The politics of the proceedings now in their second week are more complicated.
Even Democrats who fully support their necessity and their message don’t expect them to limit their party’s likely losses in November’s midterm elections.
At best, they hope to remind some Democrats, who probably comprise most viewers, why they so opposed Trump and provide a voting rationale for those party adherents who are less than enthused by President Joe Biden.
As for Republicans, it’s unlikely the proceedings will make much of a dent among the millions of fervent Trump supporters who reject any effort to blame him for the Jan. 6 violence and accept the Republican National Committee’s characterization as “ordinary citizens engaged in legitimate political discourse.”
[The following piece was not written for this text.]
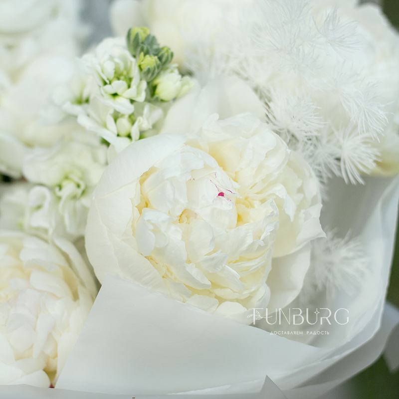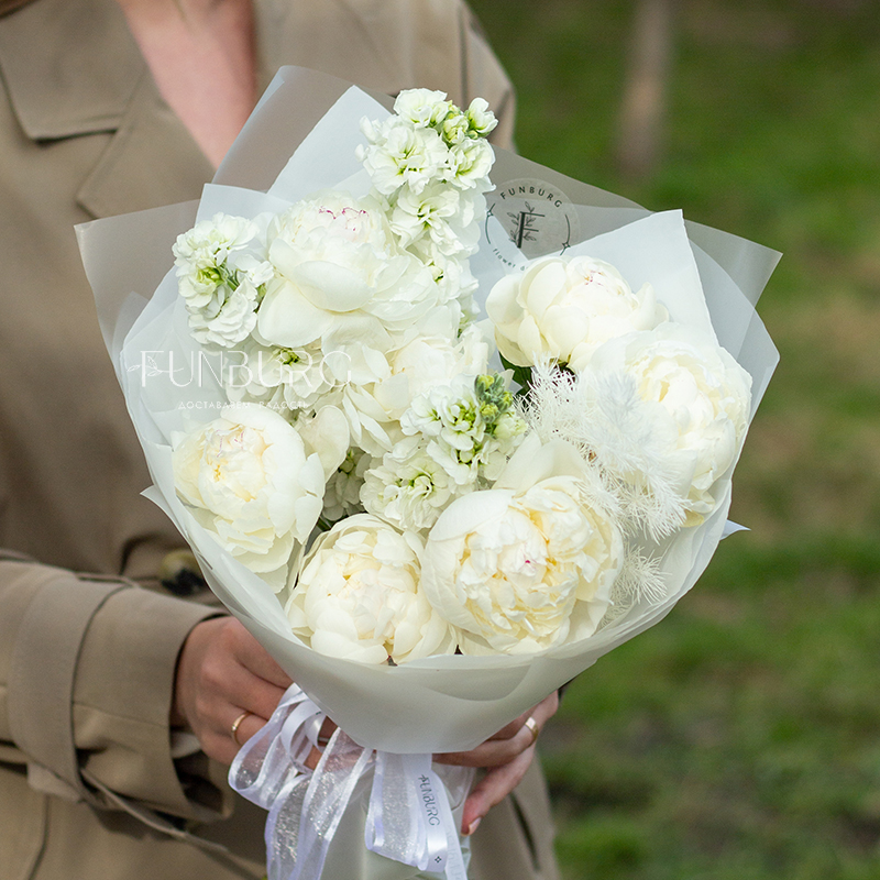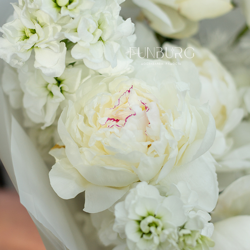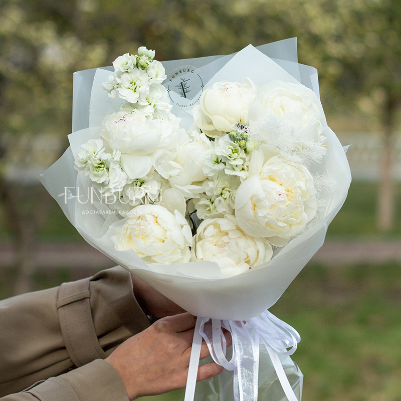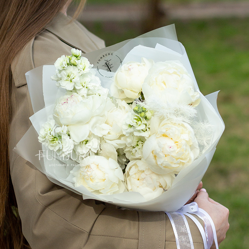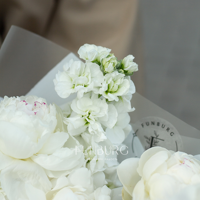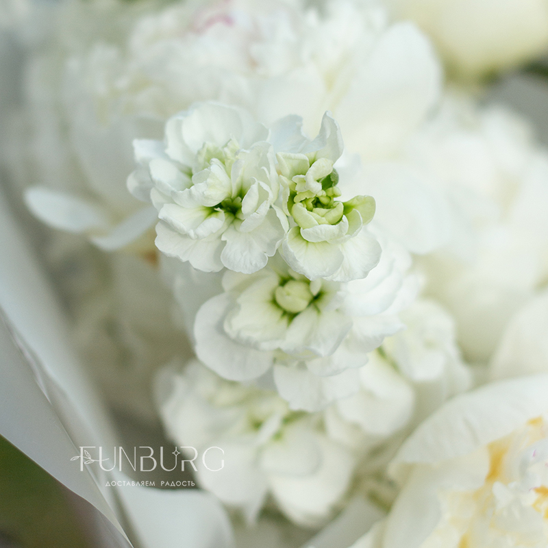 Нежнейший букет из белых пионов и белоснежной маттиолы с умопомрачительным пряным ароматом с нотками перца и утренней прохлады мгновенно перенесет в цветущий летний сад, нагретый лучами солнца!

But polls show the GOP is divided between all-out Trump backers and those who wish the former president would stop claiming the 2020 election was rigged and leave the party’s 2024 field to other Republicans of similar ideology.
A recent NBC News poll showed that, by about 2-to-1, more Republicans consider themselves followers of the party than of Trump, a reversal of pre-2020 election attitudes. An ABC News-Washington Post poll last month showed that, while three of every five Republicans said the GOP should follow his leadership, one of every three said it should not.
That suggests there may be millions of Republicans who are at least open to a convincing presentation of his responsibility for fomenting the Jan. 6 demonstrations – and failing to heed pleas to stop them. Even if they haven’t been watching, it may be hard for them to escape news reports of the proceedings.
Meanwhile, though Democrats comprise a majority of the House panel, they made the politically wise decision to start by having their most prominent GOP member, Wyoming Rep. Liz Cheney, detail the case against Trump. The panel then presented confirming testimony from the former president’s own appointees, including former Attorney General Bill Barr and Trump’s daughter Ivanka, and other Republicans.
Barr, who broke with Trump over his refusal to accept the 2020 outcome, testified that Trump knew he lost the election despite his continual false contentions that it was marked by widespread fraud. “I respect Attorney General Barr,” Ivanka Trump told the panel. “So I accepted what he was saying.”
The facts are so devastating to Trump’s case that Republican critics have been reduced to condemning procedural and political aspects of the sessions — such as the decision to hold some of them in prime viewing time — rather than their substance.
"Most committees in Congress start in the morning,” said New York Republican Rep. Elise Stefanik, accusing the panel of “trying to take back the narrative to try and target patriotic Trump supporters across the country."
Republicans also complained about House Speaker Nancy Pelosi’s decision last year to reject GOP efforts to add two outspoken Trump supporters, Reps. Jim Jordan and Jim Banks, to the panel. In taking what she acknowledged was an “unprecedented decision,” Pelosi said their criticisms of the panel would impact “the integrity of the investigation.” She accepted three other Republicans, but they refused then to serve.
While Democrats acknowledged Pelosi’s action had some political cost, the House Republican leadership made a far more serious political miscalculation in deciding to block creation of a truly bipartisan panel.
House GOP Leader Kevin McCarthy, under pressure from Trump to oppose any Jan. 6 probe, pulled the props out from under Rep. John Katko, the GOP House member he had designated to negotiate the terms. The upstate New York Republican had reached an agreement with Democrats for a bipartisan panel on which the two parties would have shared key powers like the authority to subpoena witnesses.
A panel on which Republicans exercised some control might have been far less clear-cut – and far more contentious. Without that, the hearings are presenting the panel’s conclusions without dissent in a way designed to persuade anyone without a clear prior view of what happened that day.
Republicans have also questioned the legislative purpose. But many important congressional hearings have been undertaken primarily to educate the public, like Sen. J.W. Fulbright’s mid-1960s inquiry into the U.S. policy in Vietnam, or to uncover wrongdoing, like the Senate Watergate committee’s probe.
In fact, these current hearings have both a legislative and an educational purpose.
The legislative purpose is to make the case for strengthening existing law on congressional counting of electoral votes to ensure the process can’t be manipulated as Trump sought to do.
The educational purpose is to bolster the nation’s democratic system by portraying the events of Jan. 6 as part of a broad conspiracy by Trump to overturn the legitimate decision of the American people. Their relevance is underscored by the continuing efforts of Trump’s allies to change procedures and personnel in many states’ election machinery to make possible in 2024 what they failed to achieve in 2020.
The panel clearly hopes that, the more the American people understand what Trump did and the extent of illegality involved, the less likely they will be to sanction a repeat attempt in 2024.